Assigned task: Reproduce the whole listing below without its pictures, exactly as written.

Information shown:
=======
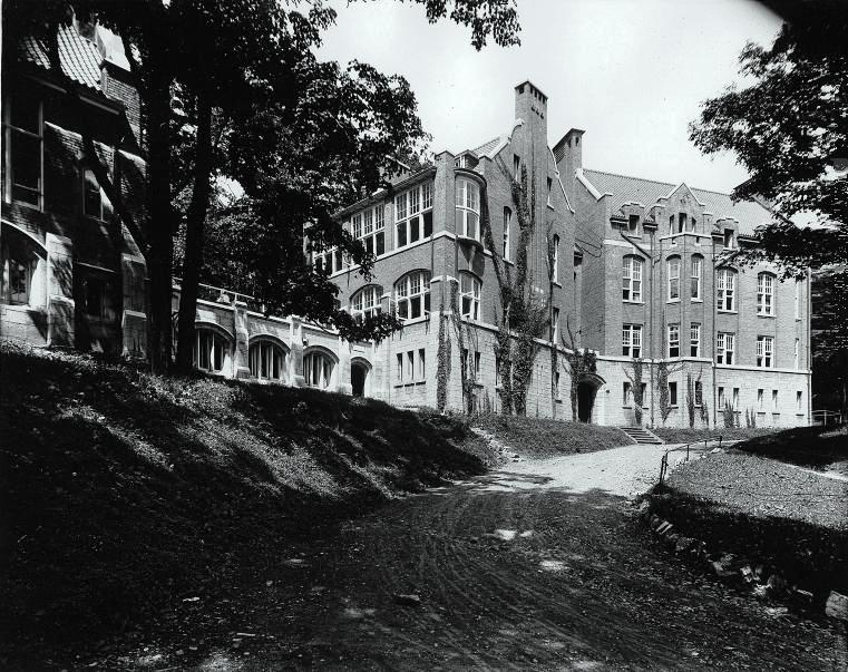 Photograph, Children's Memorial Hospital, Cedar Avenue, Montreal, QC, 1913, Wm. Notman & Son, Silver salts on glass - Gelatin dry plate process - 20 x 25 cm
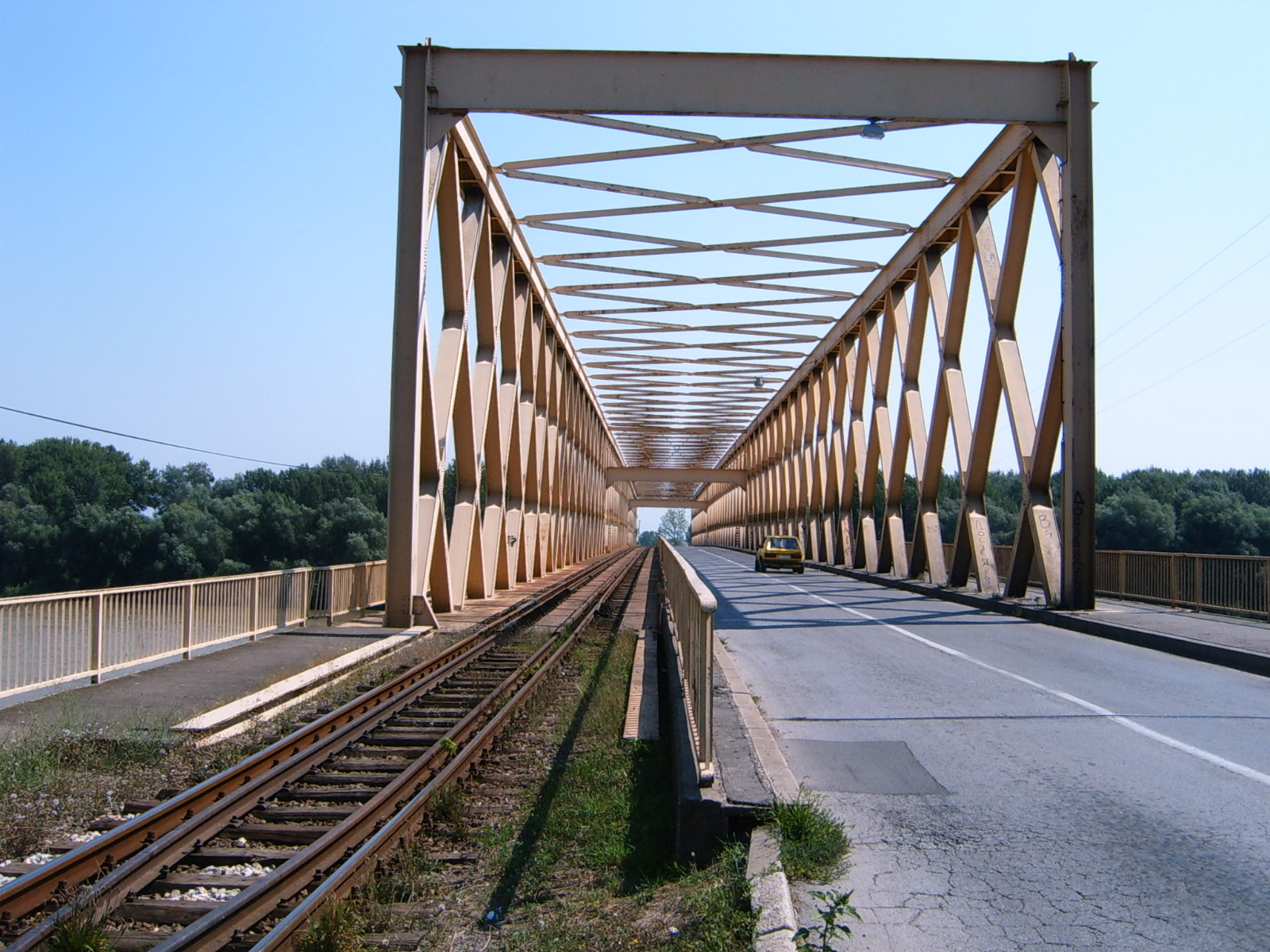 Bridge over river Tisza at Senta.
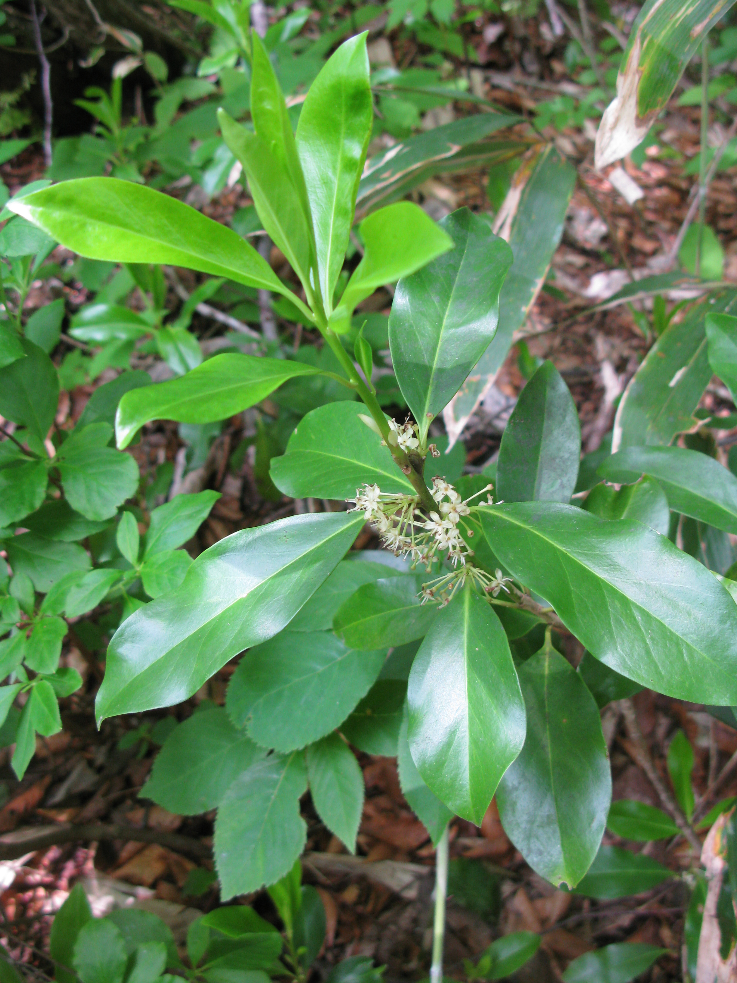 Ilex leucoclada,Aizu area,Fukushima pref.,Japan
=======
Task result:
 Photograph, Children's Memorial Hospital, Cedar Avenue, Montreal, QC, 1913, Wm. Notman & Son, Silver salts on glass - Gelatin dry plate process - 20 x 25 cm
 Bridge over river Tisza at Senta.
 Ilex leucoclada,Aizu area,Fukushima pref.,Japan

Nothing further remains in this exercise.